Michelle Slater
The Australian energy regulator anticipates that unit two at Loy Yang A will be online before peak summer demand, but was always planning for contingencies in case of energy shortfalls.
The Victorian government wants to negotiate multi-year contracts with the Australian Energy Market Operator to mitigate against risks of coal generators from failing when they are most needed.
Energy Minister Lily D’Ambrosio announced yesterday she wants Victoria to go alone as the state was “sick of waiting for the national energy rules to change”.
AEMO can only negotiate Reliability and Emergency Reserve Trader agreements nine months in advance to shore-up additional power during peak summer periods.
Instead, Victoria wants to negotiate multi-year contracts with the market operator for additional reserves in an attempt to bring in more certainty for the state, but when it was cheaper to do so.
Ms D’Ambrosio said Victoria was not “willing to wait on the sidelines when it comes to planning for our energy future”, and would bring it up at the Energy Council COAG meeting.
“Which is why we’re breaking free from the federal government’s outdated rules and getting it done ourselves,” Ms D’Ambrosio said.
“Securing longer-term reserve power is not a silver bullet, but it’s important we use everything in our arsenal to help AEMO balance our energy supply and demand during prolonged hot weather.”
An AEMO spokeswoman said the regulator was “supportive of this application” as it would allow reserve resources to be secured well in advance.
“Enabling us to negotiate multi-year contracts for a lower cost than annual, short term contracts,” she said.

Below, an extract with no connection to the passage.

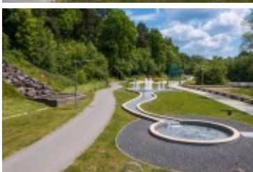
• 2021-06-11-Fontanny nad bulwarami uruchomione

AEMO is due to release this year’s RERT in December. In 2017, it had contracted 100 diesel generators in Morwell as an emergency summer back-up but they were never called upon.
The regulator had previously warned that between 260,000 and 1.3 million households could be without power this summer if outages at Loy Yang A and Mortlake gas plant extend into summer.
Loy Yang A owner AGL was confident the station would be reliable for summer, and unit two repairs were ahead of schedule after it went offline in May.
“It’s important we get this unit back pre-summer and do maintenance on the other units so they are reliable prior to summer,” AGL coal operations general manager Steve Rieniets said.
Grattan Institute energy program director Tony Wood said analysis had forecast a risk of shortfalls this summer given the outages at Loy Yang A and Mortlake, however, beyond that the outlook was “a lot better”.
“AEMO needs to demonstrate [longer-term contracts] is good value to for money, right now we know we need more capacity this summer, but we may not it need it for years two or three,” Mr Wood said.
“So AEMO needs to be convinced it’s needed beyond year one.”
Federal Energy Minister Angus Taylor said the proposal was “worthy of consideration” and “planning a few years ahead has some advantages” but it was important to get the trade-off right.
“The future of the RERT is an important consideration,” Mr Taylor said.
“It’s a short-term mechanism, not a genuine strategic reserve, and some take the view that a longer term strategic reserve is ultimately going to be necessary.”